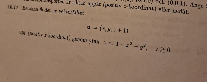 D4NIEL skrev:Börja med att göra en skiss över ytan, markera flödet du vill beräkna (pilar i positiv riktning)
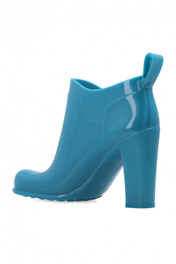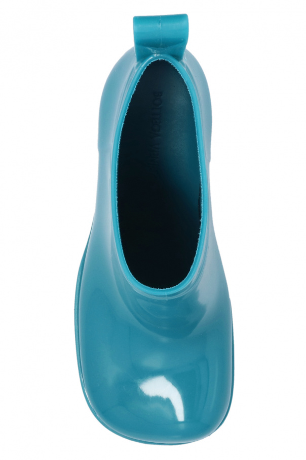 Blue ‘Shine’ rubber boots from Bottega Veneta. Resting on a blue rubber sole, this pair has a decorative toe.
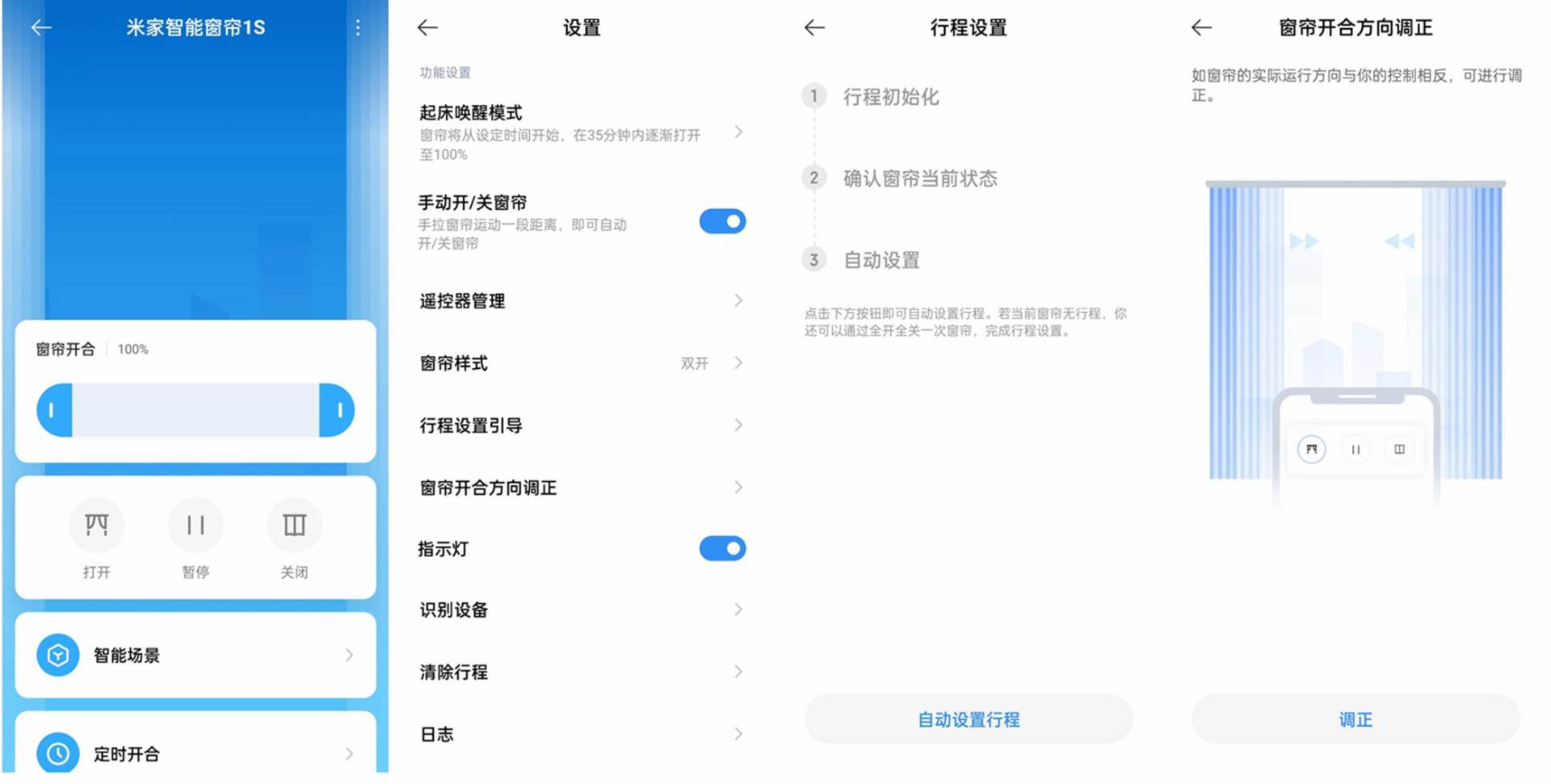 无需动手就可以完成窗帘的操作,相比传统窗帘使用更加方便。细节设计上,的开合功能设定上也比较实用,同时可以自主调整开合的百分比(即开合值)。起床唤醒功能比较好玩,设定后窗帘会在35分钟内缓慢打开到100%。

==

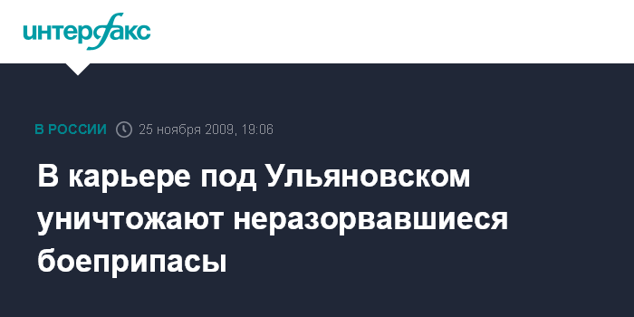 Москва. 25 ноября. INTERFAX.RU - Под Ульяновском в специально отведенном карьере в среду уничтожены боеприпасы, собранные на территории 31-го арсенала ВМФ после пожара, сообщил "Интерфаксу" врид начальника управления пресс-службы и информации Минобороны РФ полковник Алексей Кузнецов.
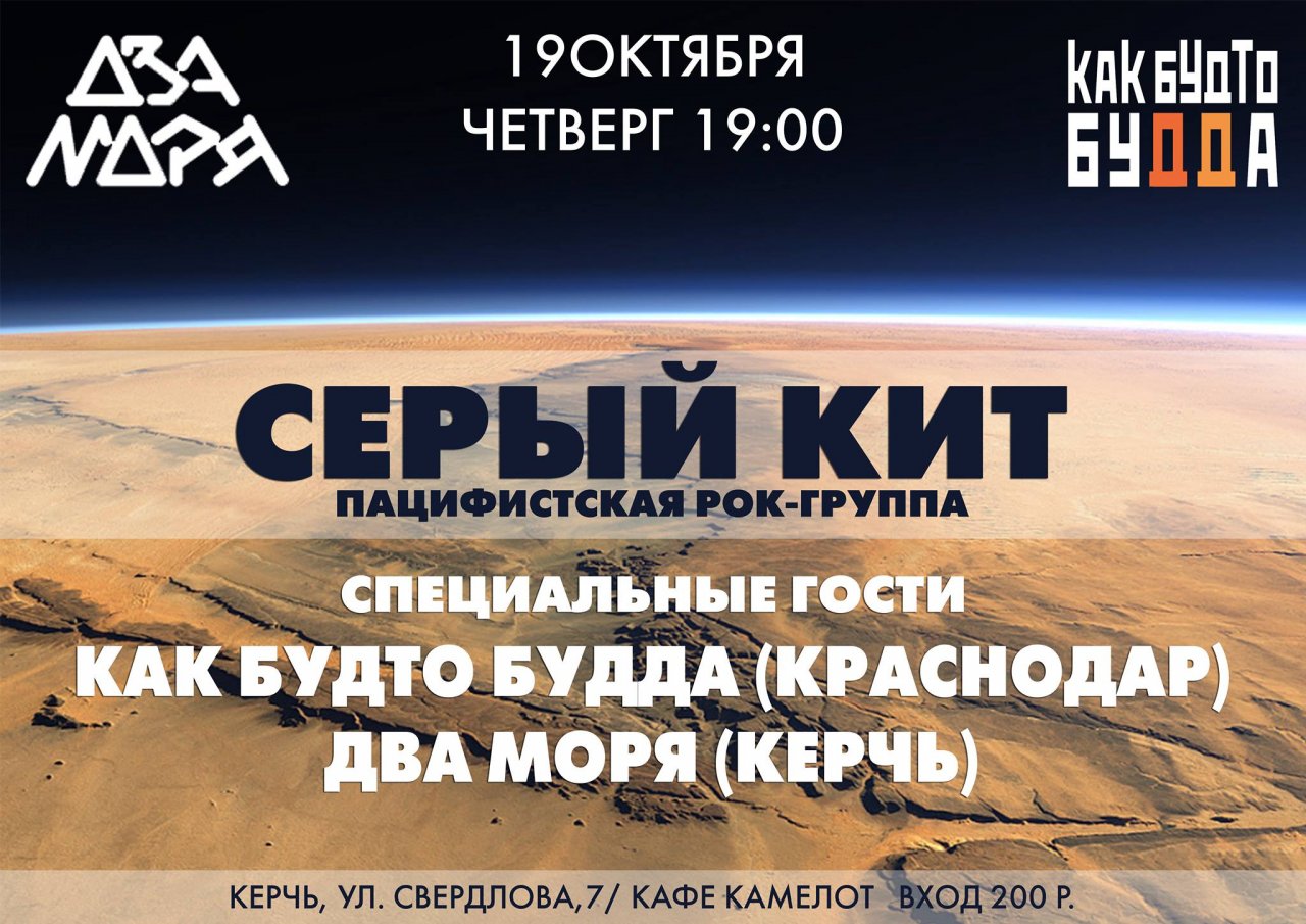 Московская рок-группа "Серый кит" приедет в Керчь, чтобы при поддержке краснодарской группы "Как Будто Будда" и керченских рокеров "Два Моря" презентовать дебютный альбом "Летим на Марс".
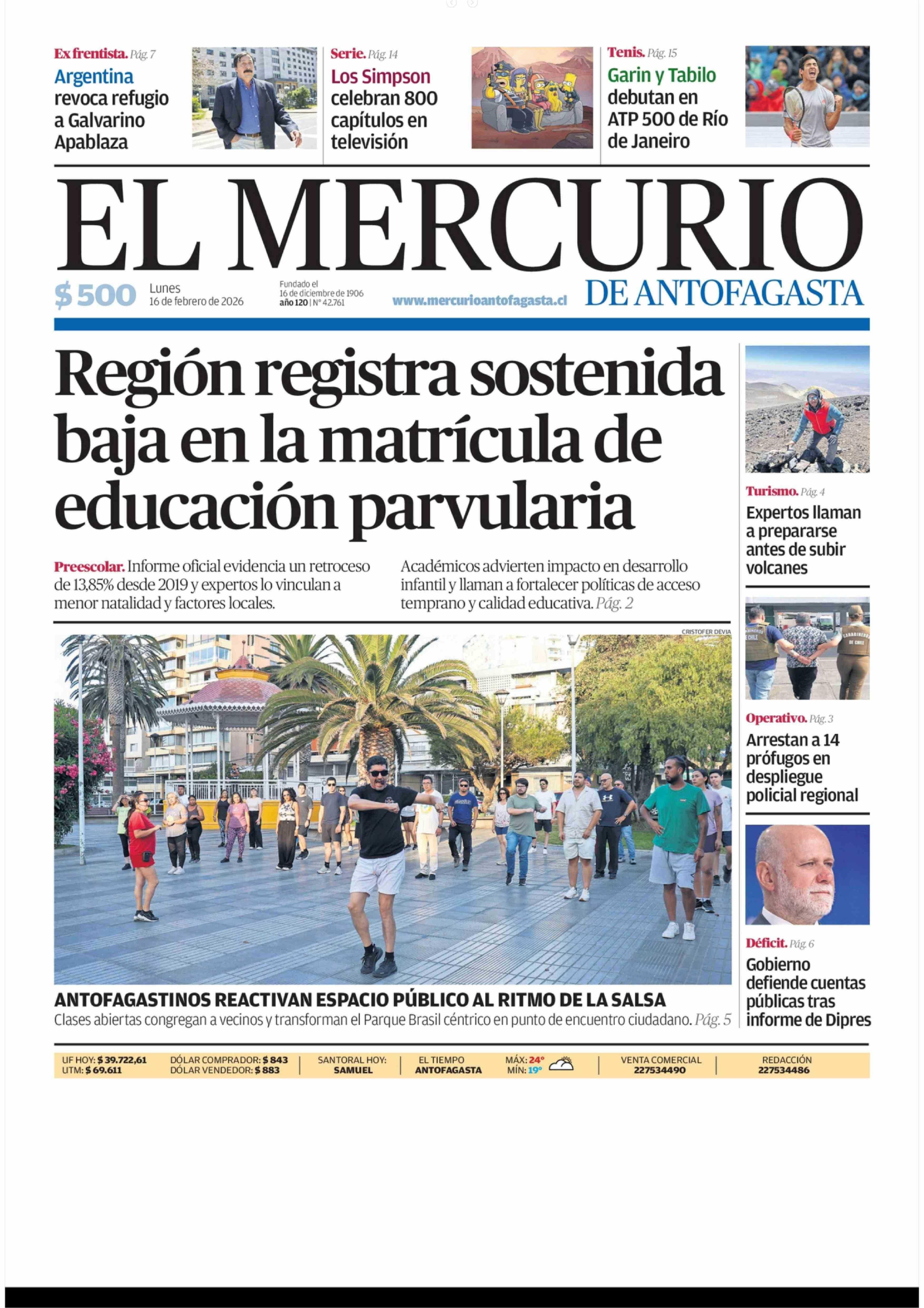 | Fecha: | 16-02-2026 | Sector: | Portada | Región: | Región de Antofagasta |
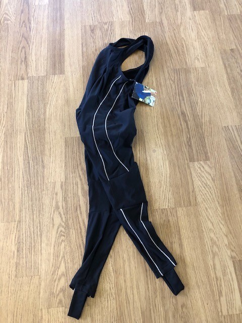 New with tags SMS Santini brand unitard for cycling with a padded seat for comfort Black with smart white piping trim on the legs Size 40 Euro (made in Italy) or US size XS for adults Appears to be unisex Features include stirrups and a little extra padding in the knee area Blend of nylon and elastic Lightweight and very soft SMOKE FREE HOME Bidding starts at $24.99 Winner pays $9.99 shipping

• **TASK TO COMPLETE**
Using the data above, output the line that has "D4NIEL skrev:Börja med", the line that has "无需动手就可以完成窗帘的操作", and whatever lines fall between, each exactly as it stands and without pictures.

• **WRITTEN SOLUTION**
 D4NIEL skrev:Börja med att göra en skiss över ytan, markera flödet du vill beräkna (pilar i positiv riktning)
 Blue ‘Shine’ rubber boots from Bottega Veneta. Resting on a blue rubber sole, this pair has a decorative toe.
 无需动手就可以完成窗帘的操作,相比传统窗帘使用更加方便。细节设计上,的开合功能设定上也比较实用,同时可以自主调整开合的百分比(即开合值)。起床唤醒功能比较好玩,设定后窗帘会在35分钟内缓慢打开到100%。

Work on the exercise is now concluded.